Science and Religion: Some Historical Perspectives
- Author: John Hedley Brooke
- Publisher: Cambridge University Press
- Publication date: 1991
- ISBN: 0-521-28374-4
- OCLC: 22451451
- Dewey Decimal: 291.1/75 20
- LC Class: BL245 .B77 1991

= Science and Religion: Some Historical Perspectives =

1991 book by John Hedley Brooke

Science and Religion: Some Historical Perspectives is a book on the relationship between science and religion by John Hedley Brooke.

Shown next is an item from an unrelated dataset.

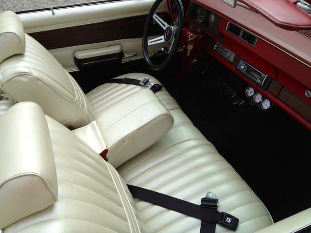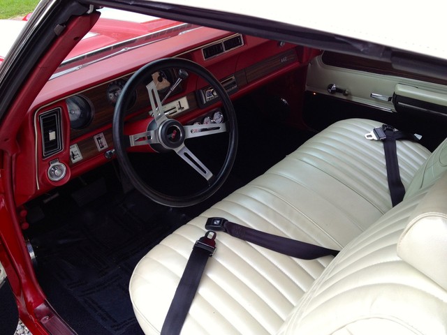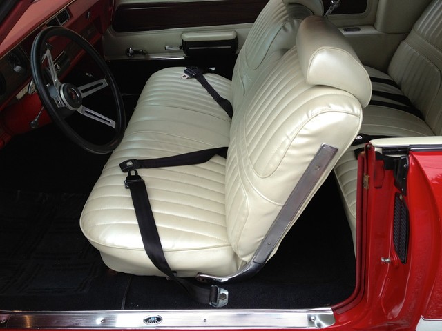 This 442 is equipped with a beautiful white interior that is in very nice condition with new vinyl seats, door panels, and carpet.  The restoration also included new brakes, new exhaust system, and rear air shocks.

The book identifies three traditional views of the relationship between science and religion found in historical analyses: conflict, complementarity, and commonality. The book portrays all three as oversimplifications. It offers up the alternative notion of complexity, which bases the relationship between science and religion on changing circumstances where it is defined upon each particular historical situation and the actual beliefs and ideas of the scientific and religious figures involved.

==Reception==
The American Historical Review states that the book's bibliographic essay "identifies and … incorporates the results of virtually every significant and relevant article published in the past fifty years."

==List of reviews==
- Cantor, Geoffrey (1992). "Science and Religion (Book Reviews)"
- Howell, Kenneth J. (1994). "Book Review: Science and Religion: Some Historical Perspectives. John Hedley Brooke, George Basalla"
- Olson, Richard (1994). "Reviews of Books: Science and Religion Some Historical Perspectives"
- Pallin, David A. (1992). "Reviews: Science and Religion: Some Historical Perspectives"
- Tollefson, R.J. (1992). "Science and Religion (Book Reviews)"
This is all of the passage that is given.